CRC subgroups have distinct responses to immunotherapy
Two different procedures were adopted in this study to identify subclass-specific candidate immunotherapies. Submap analysis was first used to find potential immunotherapeutic benefit of two subgroups through six immunotherapy datasets available with clinical response and gene expression information. As exhibited in Figure 5F, the high-risk subclass shared high similarity with anti-MAGE-A3 nonresponse group in Ulloa Montoya et al. (2013) dataset (P = 0.049) and anti-PD-1 nonresponse group in Hugo et al. (2016) dataset (P = 0.002), and the high-risk subgroup tended to be correlated with anti-PD-L1 nonresponse group in IMvigor210 cohort although no statistical significance was found (P = 0.08).
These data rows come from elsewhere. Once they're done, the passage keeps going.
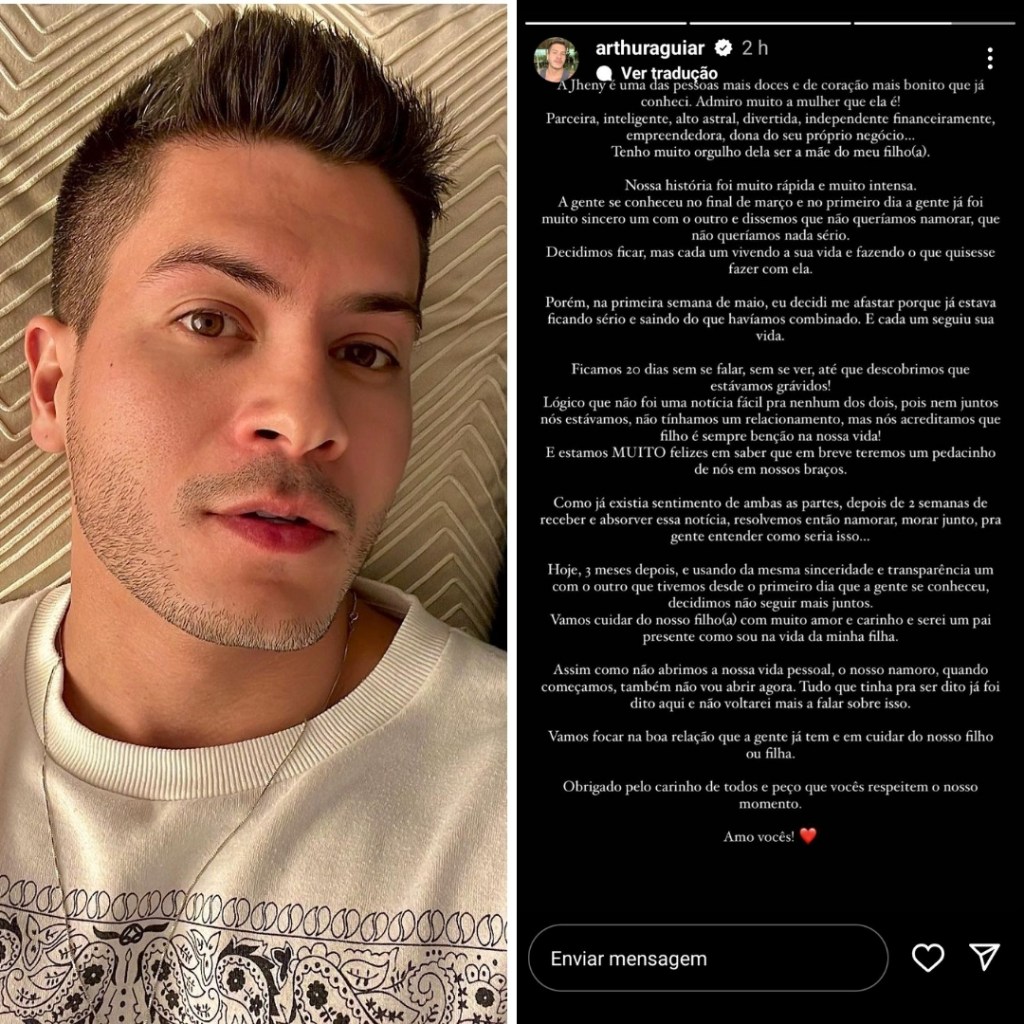 Na semana passada, o ex-BBB tornou pública a gravidez de sua então namorada, Jheny Santucci. Em uma postagem recente, Arthur compartilhou detalhes sobre o início de seu relacionamento com Jheny e revelou que estavam separados quando descobriram a gestação.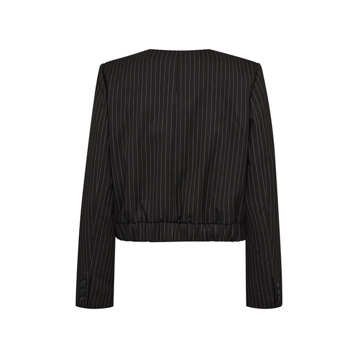 Denne elegante sorte jakke med fine, vertikale nålestriber forener klassisk tailoring med et moderne twist.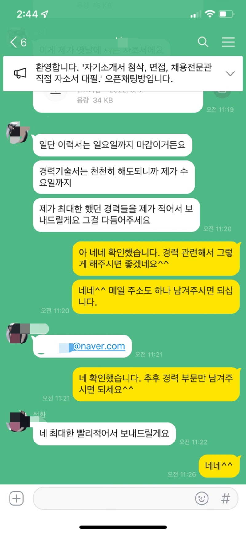 (이력서, 기존 자기소개서, 지원 직무 정보 등 공유)

Figure 5. The immunotherapeutic benefit of the IRGs-based risk score in immunotherapeutic treatment cohorts. (A–D) Comparison of AUC values between IRGs-based signature and other eight previous published immune related signatures in four immunotherapeutic datasets. (E) Similarity comparison between IRGs-based signature and other seven previous signatures. (F) SubMap analysis utilizing six immunotherapy datasets. Kaplan-Meier survival curve of OS for patients with high- and low- risk score subtypes for (G) Van Allen et al. (2015) dataset, (H) Hugo et al. (2016) dataset, (I) IMvigor210 dataset, and (J) Snyder et al. (2017) dataset. Bar graph illustrated the treatment response to immunotherapy within high- and low- risk score subtypes in (K) Van Allen et al. (2015) dataset, (L) Hugo et al. (2016) dataset, (M) IMvigor210 dataset, and (N) Snyder et al. (2017) dataset. Violin plots illustrated the distribution of risk score for patients with different immunotherapy responses in (O) Van Allen et al. (2015) dataset, (P) Hugo et al. (2016) dataset, (Q) IMvigor210 dataset, and (R) Snyder et al. (2017) dataset.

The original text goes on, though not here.